After what feels like forever, the doctor comes into the waiting room. When Mrs. Henwood freezes in fear, Macey stands and goes up to the doctor. I follow, and she takes my hand as we wait for the news.

“Benjamin Henwood is stable,” the doctor says with a quick smile. “This is good news.”

Macey squeezes my hand, and I feel some of the tension leave her body.

“However, he needs to stay here for the rest of the night. We had to pump his stomach and treat him for a concussion and four broken ribs. He’s still out, and he’s going to be in a lot of pain when he wakes up.

He’s very, very lucky. I cannot stress that enough.

That bull could have done a lot worse damage. ”

As Mrs. Henwood cries out with relief and then starts peppering the doctor with questions, Macey turns toward me.

“As grateful as I am, and as much as I wish his physical health was all I had to worry about,” she murmurs to me. “Things aren’t going to get any easier.”

No one knows that better than I do.

Time at the hospital passes in weird chunks.

Macey leaves the room for a little while, and I see her in the hallway, swiping her phone before she returns to my side.

I don’t ask her what that was about, and she doesn’t offer.

I have a feeling it’s about her family’s business, but I don’t want to press when she’s got enough people pulling at her.

Eventually, she falls asleep on my shoulder. Her siblings and mother have all gone home. But Macey stays because she’s the rock of her family, and they never make a single decision without her.

I drift off myself, and when I wake, my dad’s standing in front of me.

Cowboy hat in hand, dark hair that’s graying at the temples, and blue eyes that mask the hell he’s been through, my father is a cowboy to his core.

Hard on the edges, hates to be penned in, especially by emotions, and he learned ways to numb rather than feel.

“I feel bad about the bull,” he says in his typical cut-to-the-chase style.

“Not your fault,” I say. “Obviously, Mr. Henwood was inebriated and not thinking straight.”

He nods, and we lapse into our usual awkward silence.

I think maybe he’s going to lash out at me for skipping work today, but he takes a long look at Macey sleeping on my shoulder.
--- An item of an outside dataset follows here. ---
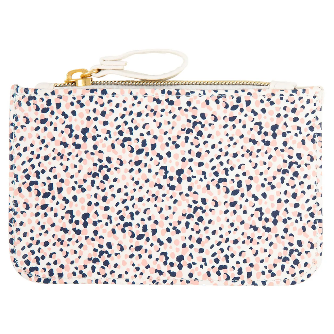Vous allez craquer pour cette petite pochette mouchetée bleue et rose. Aussi jolie que pratique, elle vous permettra d’y ranger vos essentiels comme vos clés, votre carte bancaire, vos billets ou encore votre rouge à lèvres. C’est un accessoire qui vous accompagnera au quotidien. À offrir ou à s’offrir !

Then, he puts his weathered hand on my other shoulder and says in a low voice, “How’s Benjamin doing?”

“He’s stable. Should be free to go day after tomorrow.”

There’s a long pause where neither of us states the obvious.

Finally, my dad asks, “What are they going to do?”

I look down at Macey to make sure she’s really asleep before I look up at him. “Stage another intervention.”

He and I both know what that’s like.

We’ve lived through it too—he as the addict and me as the kid who just wanted his father to be sober.

My dad’s one of the lucky ones.

He made it out.

Nine years and counting.

Macey’s daddy hasn’t escaped his hell. Not yet.

“Take tomorrow off, too,” my dad says.

I jerk my head up. His eyes are on Macey, and they’re…soft. For Roy Wild, the man who won’t listen to a word I say when I tell him I want to paint and not run the ranch, this is a moment. A moment I have no fucking clue what to do with.

“Take care of her.” His voice is gruffer than usual.

He nods at me, and then he’s gone.

I watch him disappear around the corner of the ICU. And I decide that, for tonight, I’m going to do just that.